December 30, 2002 – Mom wanted to give herself and her family Thanksgiving and Christmas with her, so she waited until after the New Year for the 2nd round of chemo. By New Year’s her back was in incredible pain, and a CAT from December 30 showed 3 spots on her liver. Mom could hardly walk at this time because of the pain in her back, and the doctors put her on morphine. Morphine helped somewhat with the pain, but her hips were aching and her legs were swollen. Also the pain medication slowed down her digestive system, so using the bathroom "to poop" was a challenge for her. Days would go by with no bowel movement.
January 17, 2003 – Mom tried her 2nd round of chemo, this time it was a Taxol/Carboplatin mixture, which took about 4 hours to administer. I drove her home from the treatment and that was the first day Mom and I ever discussed what life could be like if she wasn’t around, which she brought up. It made me very sad, but she was very realistic about what was going on. I feel I should point out Mom never complained about any of this; getting cancer, having the treatment, feeling bad, nothing. She was a true "warrior" if there ever was one, and wanted to live more than anything.

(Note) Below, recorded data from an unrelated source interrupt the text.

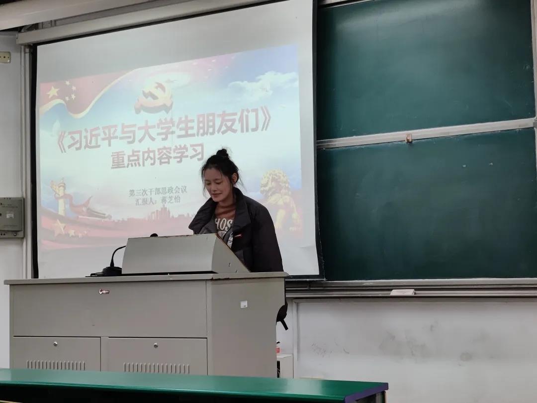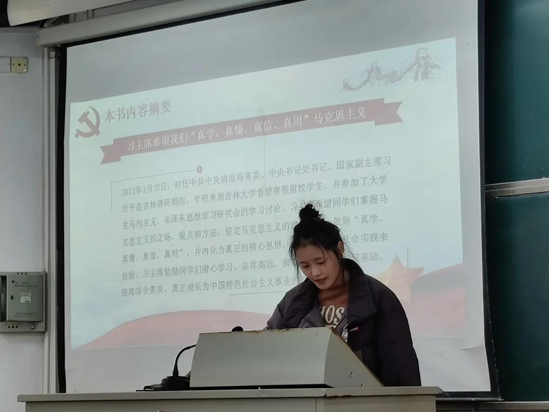 首先,蒋芝怡同学带领大家了解《习近平与老员工朋友们》全书的内容及总书记的重要讲话精神,全面呈现了习近平同志在不同时期对青年老员工一以贯之的关心关怀,系统展现了习近平总书记关于青年工作的重要思想的发展脉络积极关注国家大事、社会发展,将自身的成长与祖国的命运相联系,争做德智体美劳全面发展的社会主义合格建设者和可靠接班人。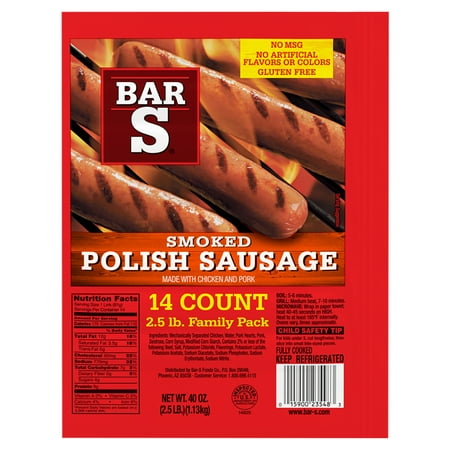 Bar S Smoked Polish Sausage comes in a 40 oz family pack, featuring 14 fully cooked sausages made from a blend of chicken and pork. This 2.5 lb pack is gluten free, with no MSG, artificial flavors, or colors. Inspected for wholesomeness by the USDA, these ...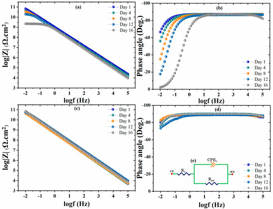The corrosion inhibition behavior of the non-modified and modified coated samples was analyzed by EIS analysis after 16 days of immersion in 3.5 wt.% NaCl solution. The fitted EIS spectra for the non-modified coatings (blank polyolefin) and modified coatings (CaCO3/Alg) are depicted in Figure 5. Furthermore, the equivalent circuit used to obtain the fitting data is depicted in Figure 5d. Initially, the EIS spectra for the non-modified coating showed a higher impedance value of ~100 G Ω·cm2 for one week, which declined to 1 G Ω·cm2 on the 16th day of immersion. The electrolyte uptake through the micropores caused a decrease in the overall corrosion protective behavior of the non-modified polyolefin coating. The broadening of the horizontal area at a lower frequency of the EIS spectra of the non-modified coating shows a decrease in the capacitive behavior of the unmodified coatings. Corrosion activity at the low-frequency region of the phase angle can also be observed due to a shift in the phase angle towards zero (0°). An increase in the active surface area is indicated by a reduction in the capacitive response, which caused a loss in the corrosion protection behavior of the coatings. Overall, it was decreased by two orders of magnitude in the non-modified coating after 16 days of immersion.
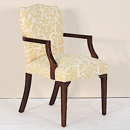 Tight seat and back. Mahogany arms and legs finished in a standard stain.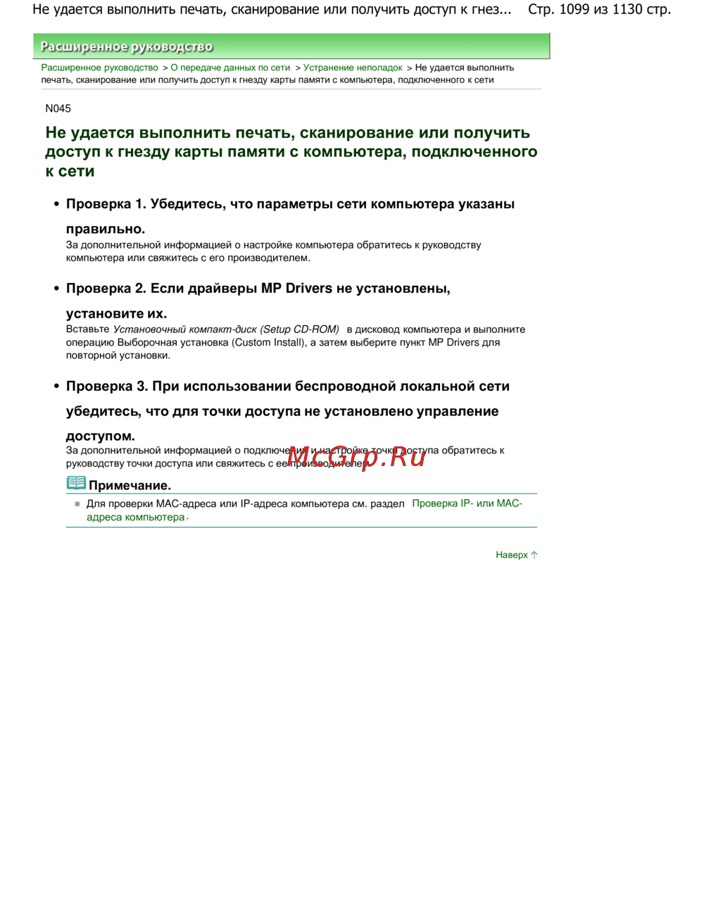 Canon Pixma MG6140 — устранение неполадок печати и сканирования в сети [1099/1130]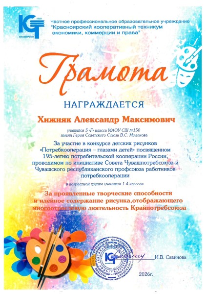 Хижняк Александр Максимович, учащийся 5 «Г» класса МАОУ СШ №150 имени Героя Советского Союза В.С. Молокова награжден Грамотой Частного профессионального образовательного учреждения «Красноярский кооперативный техникум экономики, коммерции и права» за участие в конкурсе детских рисунков «Потребкооперация – глазами детей» посвященном 195-летию потребительской кооперации России, проводимом по инициативе Совета Чувашпотребсоюза и Чувашского республиканского профсоюза работников потребкооперации в возрастной группе учеников 5-11 классов за проявленные творческие способности и идейное содержание рисунка, отображающего многоотраслевую деятельность Крайпотребсоюза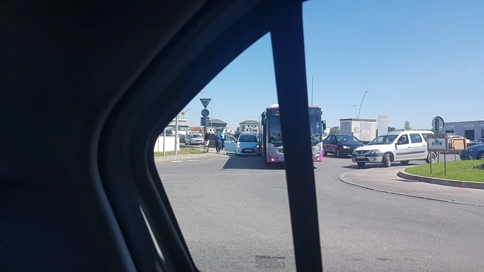 În sensul giratoriu a intrat un autobuz, dar și un mic autoturism condus de un șofer extrem de derutat probabil de traficul intens.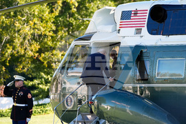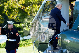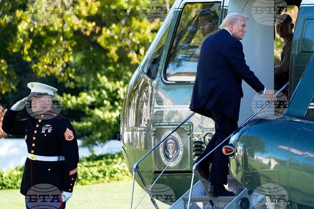 President Donald Trump boards Marine One upon departing from the South Lawn of the White House, Friday, Oct. 17, 2025, in Washington. (AP Photo/Alex Brandon)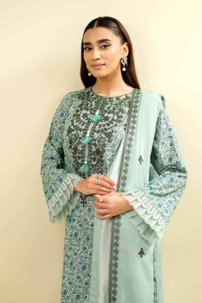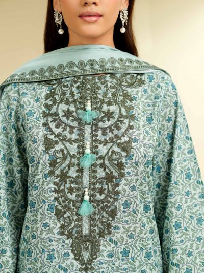 Define your signature style with this elegant printed embroidered three-piece from the latest unstitched summer collection.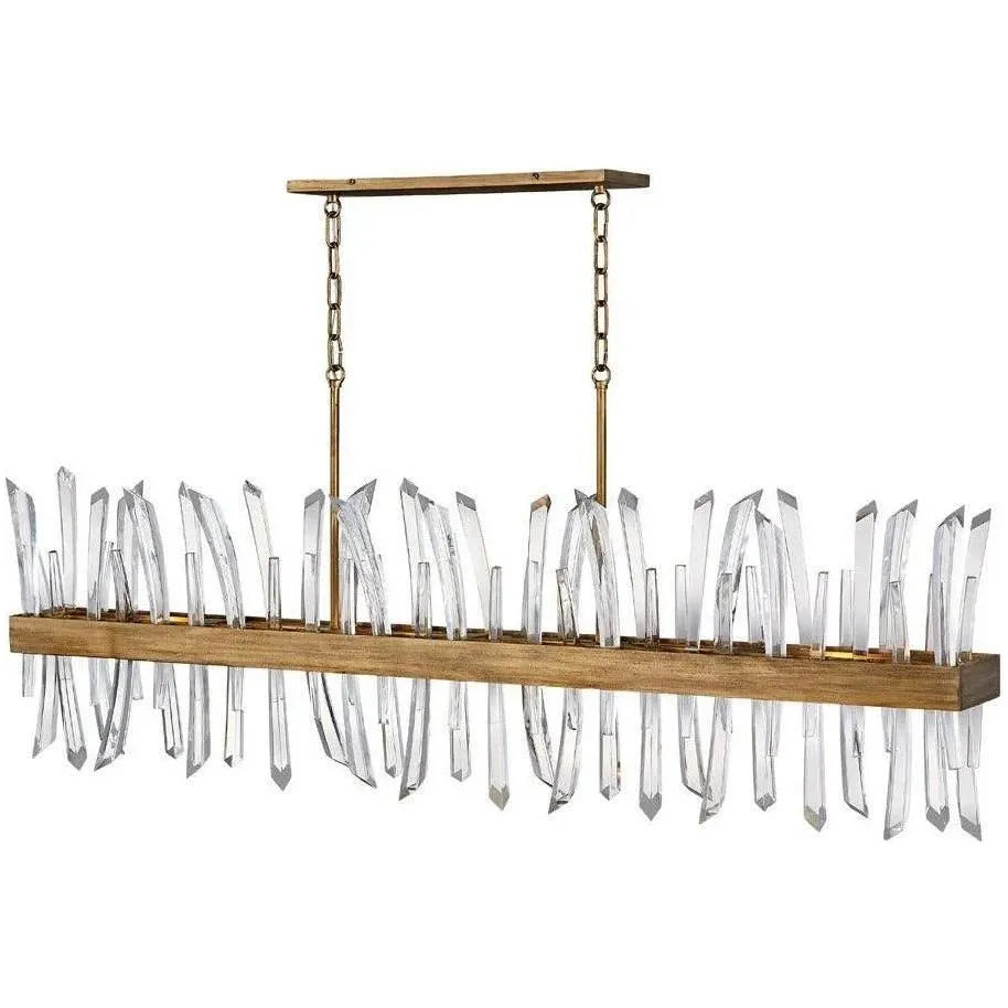 A compelling design that captivates from any angle, the Revel family gleams with sophistication. Luxurious crystal rods are honed into unexpected asymmetrical formations to produce an organic elegance that is both raw and refined. Revel's linear and circular chandeliers are available in both Burnished Gold and rich Black finish options.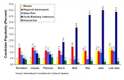 En diciembre de 2003, la Fundación Internacional para Sistemas Electorales (IFES) comenzó un estudio de seguimiento para evaluar la popularidad de los candidatos potenciales. El estudio continuó hasta la realización de la primera vuelta el 5 de julio e incluyó a trece posibles candidatos a la presidencia. La primera encuesta del IFES daba un estrecho triunfo para Megawati. Sin embargo, al momento de realizarse la elección legislativa de 2004, se situó a la cabeza de las encuestas el general retirado Susilo Bambang Yudhoyono. Otros candidatos potenciales eran Akbar Tanjung, líder del DPR, y el Sultán de Yakarta Hamengkubuwono X.[6]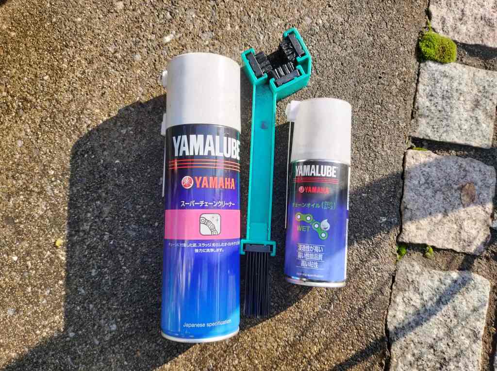 今回もYAMALUBEのチェーンクリーナーとチェーンルブを使いました。詳しくは分かりませんが、自分はこの組合せが好きです。メンテナンスは気持ちいいですね。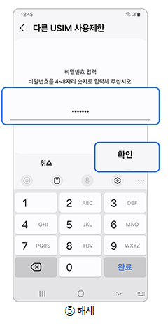 USIM 설정에서 다른 USIM 사용제한이 설정된 경우 설정한 비밀번호를 입력하시면 해제할 수 있습니다.
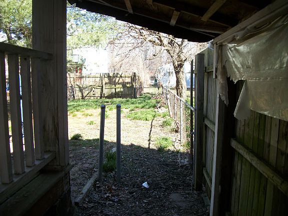 Exterior Features:Shingle roof in fair condition. Brick and vinyl siding exterior in fair shape. Wood windows are intact. Interior Features:Three bedroom and one and a half bathrooms with 1,508 sq ft. Kitchen has sink cabinets and counters, a freezer, a fridge, and a gas oven. Flooring in house is vinyl and carpet. Bathroom has no toilets. Tub and sink present. Drywall needs patching and painting. Gas furnace and gas water heater. No a/c. Plumbing and wiring intact. Rear door was boarded up previously.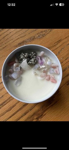 Iâve been using a custom Reiki candle that Natalie made for me, and itâs become such a grounding part of my routine. She took the time to personalize it based on what I was looking for, thoughtfully incorporating stones like Pink Opal, Blue Chalcedony, Pyrite, and Quartz, each chosen with intention.

January 24-Feb 9 2003 – After the 2nd round of chemo, Mom’s condition worsened drastically every day. Several emergency room visits were made because of the pressure on her rib cage; the doctors now said her liver was swollen to 2x size due to cancer. The pain in her back was unbearable and she upped her dosage of Morphine. This was getting very rough, because we all felt helpless. Very helpless. Dad called and set up an appointment to go to another facility in Lisle, Illinois (Cancer Treatment centers of
America) and they flew over on Feb 10.
Feb 10- The Doctors and staff were very nice, and we genuine got a feeling that they would do anything to help us. We all wished we’d have gone there much sooner. They performed procedures that the state run hospital wouldn’t have; they did a kidney dialysis among other things. There were a couple of good days in the last week in which Mom was up eating and talking, but for the most part she was so medicated and sick she was incoherent. I made 2 trips over to see her, and the last time her and I spoke was Monday Feb 17. I did get to tell her how much I loved her and how she was the world’s greatest mother.
She was very happy to have others to discuss options with on this group, and if she were here she’d have 2 things to say to all of you;
1. Don’t give up, ever, and good luck! Sometimes things are the way they are just because.
2. Please don’t take having blood in your urine lightly; if you have repeated problems get that bladder out of you ASAP. Even if you are unable to get a "neobladder", life is very managable with "the bag" and you get used to it quickly. Please don’t underestimate how quickly this cancer can spread, no matter how high the success rate is for those who catch it early. Mom caught it early, but still couldn’t shake it.
Mom passed away peacefully on Sunday morning, February 23rd, 2003. She was two weeks from her 36th wedding anniversary, and one month shy of 56 years of age. She is survived by 12 loving brothers and sisters, a 29 year old son (Shawn) and loving daughter (Molly – 32), a extremely devoted and loving husband since ’67 (Scott) and her only grandson, Anthony.